Last night I woke up to the sounds of an angry mob in the street outside our house.
I haven't written in awhile. It's a shame because around the time of the International Criminal Court's review conference there were a lot blogworthy things going on. The time coincided with Tim, my supervisor's, visit to Uganda. For 2 weeks I was eating, sleeping and breathing debates about justice and the Acholi context. There was no time to write--only to think, listen and talk. Now, since the dust has settled I have started writing again but something a little more demanding--what I hope will be a chapter in my thesis and/or journal article. As I've sat down to write it's made me realize how much rich material I have and challenged me to start interpreting it in a way that is shareable. So far, it has felt a little like clearing my throat onto the page, but I'm hopeful my throat is almost clear and I can finally say something. In the midst of ruminating in my thoughts these past weeks, a vivid example of the exact dynamic I am writing about jolted me awake.

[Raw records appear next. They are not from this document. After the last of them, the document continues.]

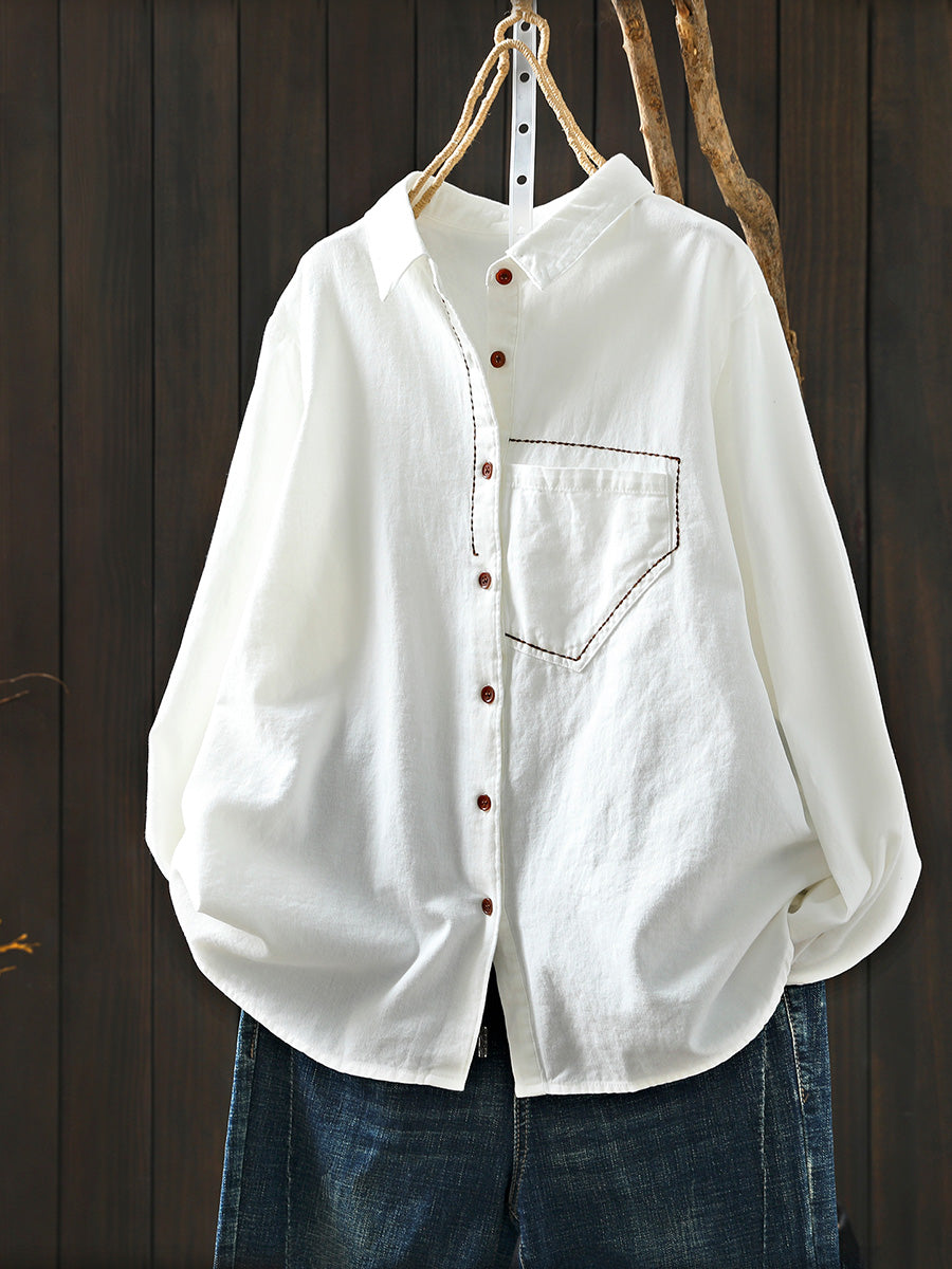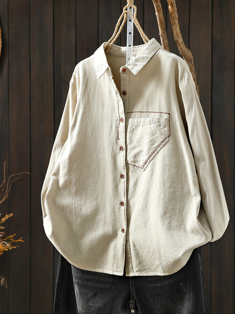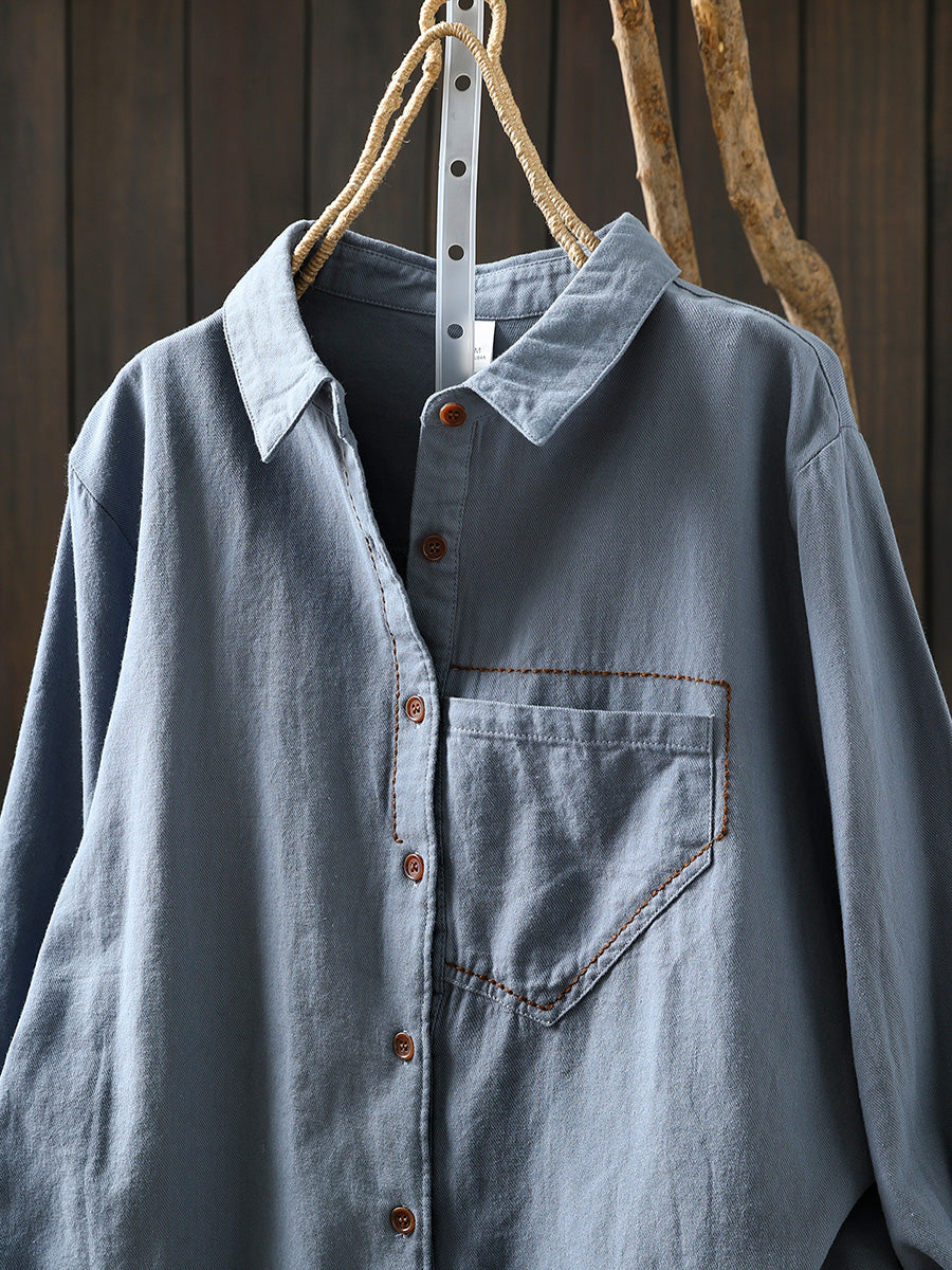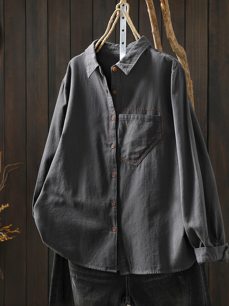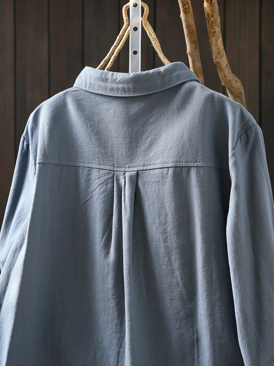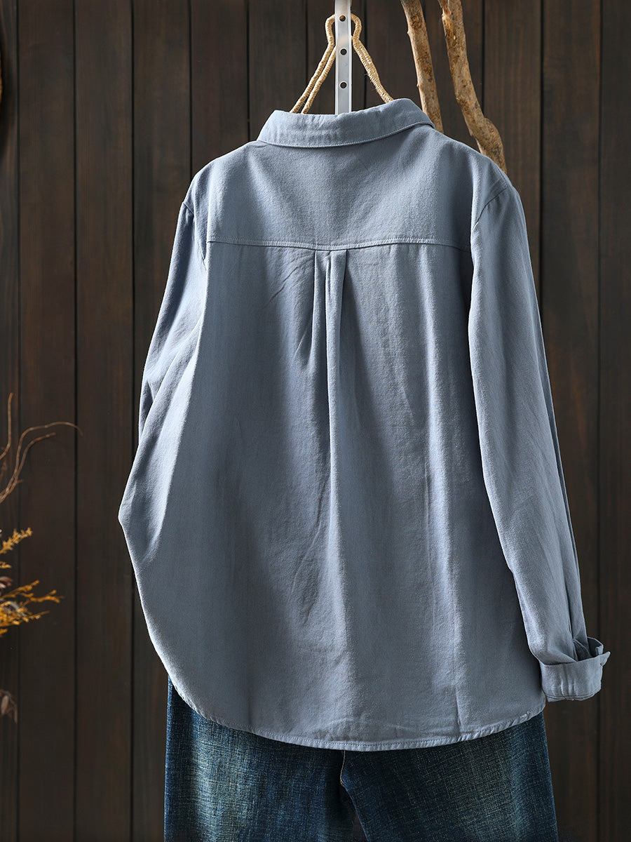 Blusa feminina de inverno com estampa artística em cor lisa e gola dobrável.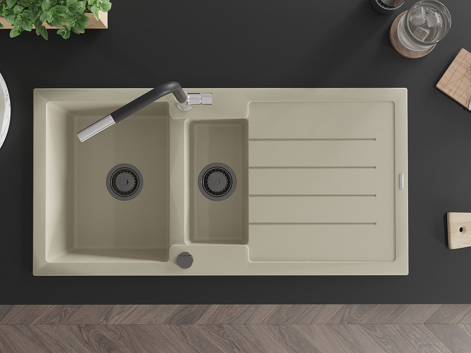 Повърхността на мивката е устойчива на петна и обезцветяване, благодарение на които е лесно да се почиства и запазва цвета си за дълго време. Естетически и практически допълващи всяка кухня.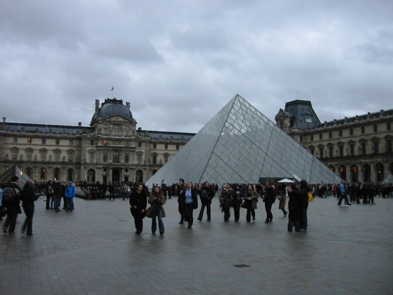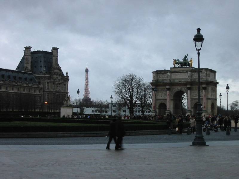 クリスマス市をでると、目の前にはルーブル宮が。ちょうどそのさきにガラスのピラミッドが見えたので、まあせっかくだしルーブル美術館の前まで行きましょうか。途中、美術館内の彫像が良く見える場所があった。ちょうどいいので写真を撮る。ピラミッド前まで行くと、たくさんの人が列をつくっていた。もう夕方だが、まだまだ入りたい人がいるのだろう。しばらくその広場でくつろぐ。寒いが心地好い。ここからはルーブル宮の一部とエッフェル塔、そしてカルーゼルの凱旋門を同時に見ることができる。これもまた、パリらしい景色。いいね、パリ。世界中から毎年何百万人もの観光客を集めるだけあって、何げない景色にも魅力があふれている。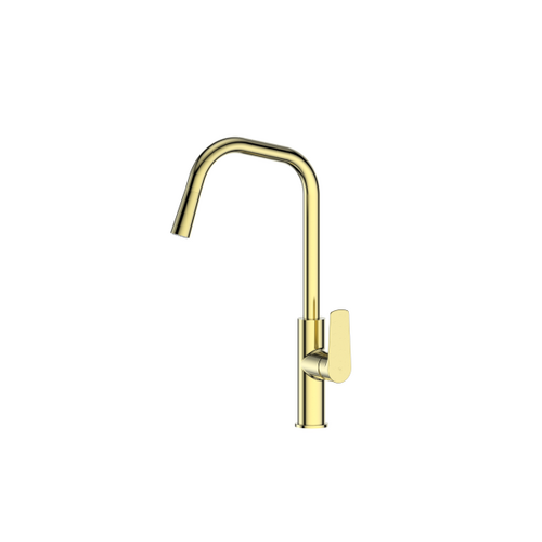 Pull Down Kitchen Sink Mixer Gooseneck Tap Brushed Brass Greens Tapware Novi LF24203542BB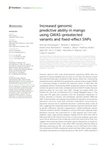 Increased genomic predictive ability in mango using GWAS-preselected variants and fixed-effect SNPsExport / Share PlumX Munyengwa, N., Wilkinson, M. J., Ortiz-Barrientos, D., Dillon, N. L., Webb, M., Ali, A., Bally, I. S.E., Myburg, A. A. and Hardner, C. M. (2025) Increased genomic predictive ability in mango using GWAS-preselected variants and fixed-effect SNPs. Frontiers in Plant Science, 16 . https://doi.org/10.3389/fpls.2025.1664012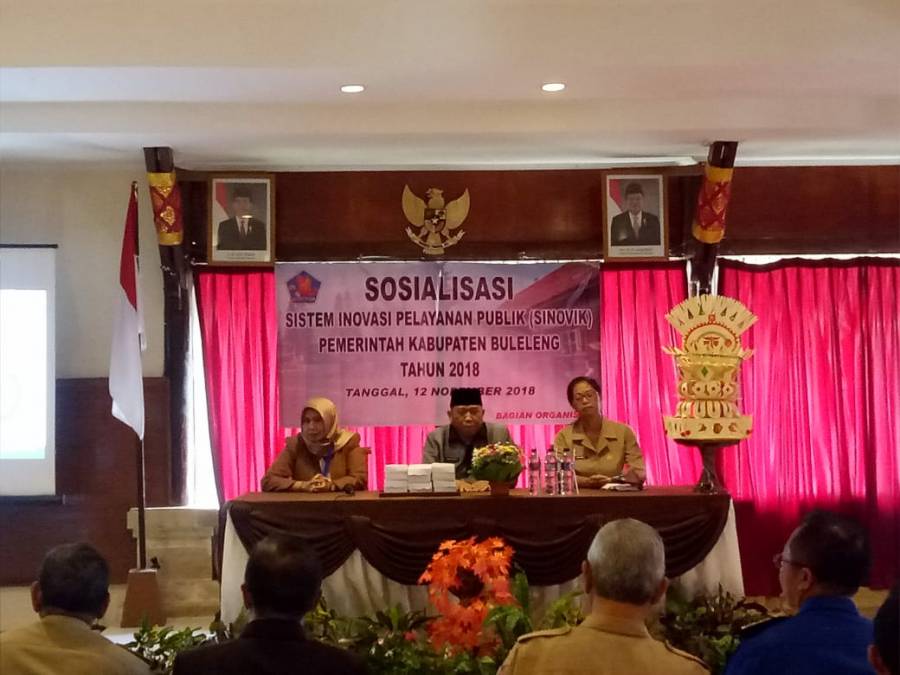 Bupati Buleleng yang pada kesempatan kali ini diwakili oleh Asisten Administrasi Pemerintahan, Made Arya Sukerta, SH membuka acara Sosialisasi Sistem Inovasi Pelayanan Publik(SINOVIK) di Aneka Lovina Villas & Spa, Jalan Raya Kalibukbuk Lovina Beach, Desa Anturan, Kec. Buleleng. Dalam sambutanya beliau menyapaikan kegiatan ini digelar dalam rangka peningkatan kualitas pelayanan publik di lingkungan pemerintah Kabupaten Buleleng.

Our watchman and a neighbor caught a thief breaking into the kiosk nextdoor. It was 4 o'clock in the morning but it didn't take long for a large crowd of our neighbors to form and begin beating the man. They didn't call the police. We asked our watchman if someone should. "Ah, no!" He laughed. I wasn't surprised. I understood. But it still disturbed me deeply. "I have instructed them not to hit his head," he assured us. As if this would be very satisfying and now I could go back to sleep without worrying that a man's life might end tonight, less than 10 meters away from me and I did nothing. We've had a lot of conversations with him about pacifism, plus, we must have looked concerned, so he continued, "They will not kill him, the Local Councillor is there." He repeated it twice for emphasis, and maybe to keep us from running into the street and doing something rash. He warned us not to get involved since a mob is unlikely to listen and more likely to turn on us. It would probably be solved more quickly and in everyone's interest if they just handled him here and now, in our street. locally. If the police had come, everyone who was there would waste time in the police station making statements that would likely get lost or never be used. Any property that he'd stolen that they might be able to recover as a group of citizens would be confiscated by the police and likely never returned to the rightful owner. No one would expect the man to be held for long. And what would his incarceration do anyway? We learned later that he's been locked up several times before but hasn't reformed. Instead he allegedly met other thieves that he now works with. The correctional part of his punishment has yet to be successful. Besides that, from what he is yelling at the crowd around him, he is an orphan that is taking care of his brothers and sisters that are fully dependant on him. An angry response and the sound of a strong kick and a loud groan cut his plea short.
This is what happens in this space, I thought to myself, between an efficient national judicial system and local solutions that are accountable to no other higher authority. People still take justice into their own hands but with an increasing level of constraint in light of the presence of a strenthening judicial system.
Finally, the sound of fists, shoes and wooden rods against the body of another human being subsided. His piercing cries for mercy quieted to muffled sobs. But a few minutes later it began again with a few yells. I was scared. The mood of a mob changes quickly, and I wondered if the constraints on their behavior were strong enough not to rupture under the fervor and violent impulses I heard in their voices. If just one person had a slightly larger stick, if they were just angry enough to disregard the admonition of our watchman not to direct the blows below his neck, if the Local Counselor's authority was only slightly less respected, if there was a weaker sense that the police were only a mobile phone call away by one concerend community member--they might have killed him. But they didn't. They beat him, insulted him, humiliated him and forced him to give names of other thieves in the area and recovered the property he'd stolen. Now he's in the hospital. The LC later proudly showed where he'd written the record of what happened in his official book. With a smile, he guaranteed that "other thieves will think two times before they enter our area."
I can't help but wonder: if there was a history of trust built between the citizens of the area and the law enforcers and the rest of the judicial system, if the police were well trained and honest with a reputation for resisting corruption, if confiscated property was always returned to the rightful owners, if massive delays in the courts were not the norm, if just punishments were given that looked at alternative sentencing and community service, if there were systems in place that considered particular circumstances of juvenile offenders, social services for his dependents, if if if...my rather ordinary, peaceloving, friendly and hospitable neighbors wouldn't have left their beds in the middle of the night with their crying children following behind them into the street to beat a man near to death. Maybe I'm wrong. Maybe they need the cathartic effect of releasing pent up aggression. But maybe, if communal harmony was better protected by an efficient judicial system there would be less aggressive feelings in general floating around or at least non-violent and trusted alternative ways of settling them.